サレへ・ベンバリーによる「クロックス」 多様な視点が生み出すデザインに迫る
――「クロックス」のデザインでは、どのように機能面にこだわった?
サレへ:専門的な話になるけど、市場に出回っている「クロックス」製品の大部分は、EVAでできている。EVAは、加工しやすく環境にもいい。汎用性は高いけど、グリップ力はもう少し高い方がいいと思った。“ポーレックス クロッグ”では、既存の製品をどのように改善できるかを考えて、実際にアウトソールの前後2カ所にTPU(熱可塑性ポリウレタン)を追加した。TPUはゴムのようにしなやかな弾力性とプラスチックのような強さを併せ持った素材で、摩擦力が向上する。そのほかにも、通気性や履き心地も改良していて、そうした細かい配慮が僕のデザインなんだ。

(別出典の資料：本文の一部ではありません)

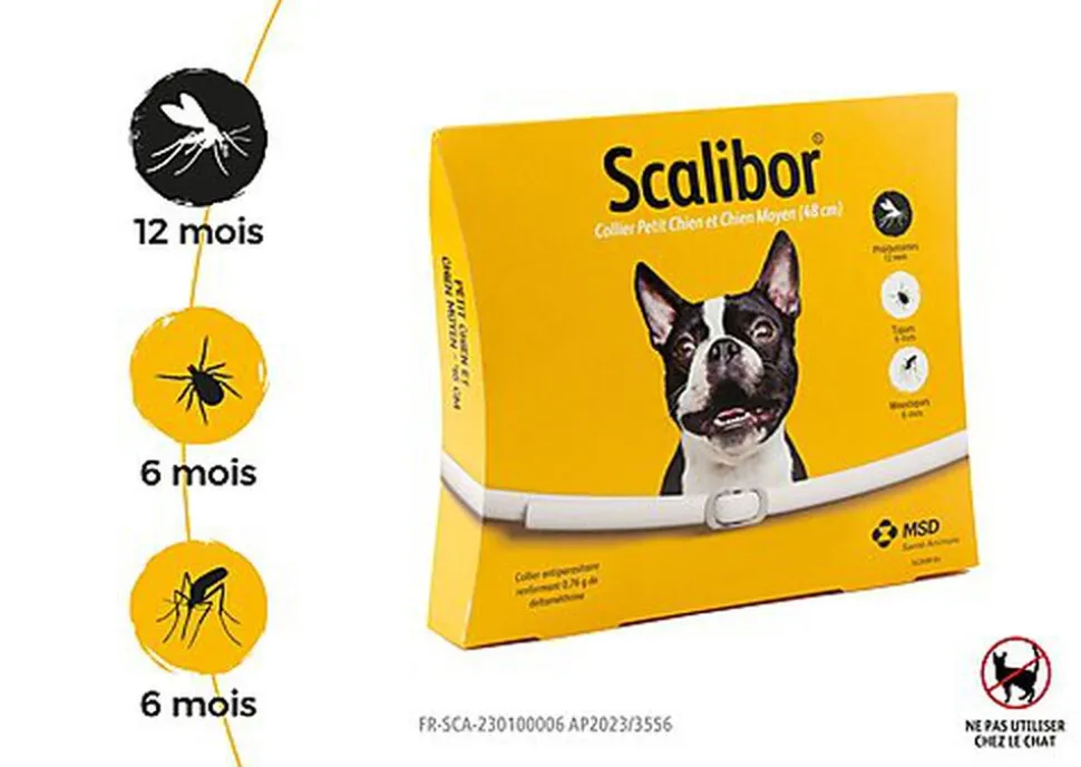 Ne pas utiliser chez le chien de moins de 7 semaines, chez la chienne gestante, chez le chat. Le collier Scalibor est un médicament vétérinaire. Tenez-le hors de portée des enfants et lavez-vous les mains après manipulation du collier. N’hésitez pas à consulter votre vétérinaire.

――趣味がハイキングだと聞いた。ハイキングがデザインにもたらした影響はある?
サレへ:もしかしたらハイキングがそういった機能面にインスピレーションを与えたのかもしれないけど、シューズデザインにおいては、消費者全体のことを考えなければいけないと思っている。通勤や通学で道を歩く人がいれば、シェフで一日中立ちっぱなしの人もいる。僕は誰にでも履けるものを目指しているんだ。
――“ポーレックス クロッグ”をはじめ、あなたのデザインは新しいフォームを作ることに定評がある。新しいデザインを生み出すために最も重要なことは?
サレへ:既存の製品の隙間を見つけて、その問題を解決するためのデザインを考えることだね。デザインをすると美的感覚にとらわれすぎて、機能よりも美的感覚に負けてしまうことがあると思うけど、僕は常に両方のバランスを保つように心がけている。
――“ポーレックス クロッグ”は、“指紋”から着想を得たとか。
サレへ:そうだね。指紋を三次元的にデザインした。「クロックス」から、自分のシルエットをゼロから作ることを許されたとき、これは素晴らしいチャンスだと思ったよ。ほとんどの優れたクリエーターやデザイナー、アーティストは、一貫したブランドアイデンティティーを持っているけど、それがロゴの中に存在しなくてもいいんだって分かったんだ。“指紋”のデザインは、まさに僕のロゴのようなものだね。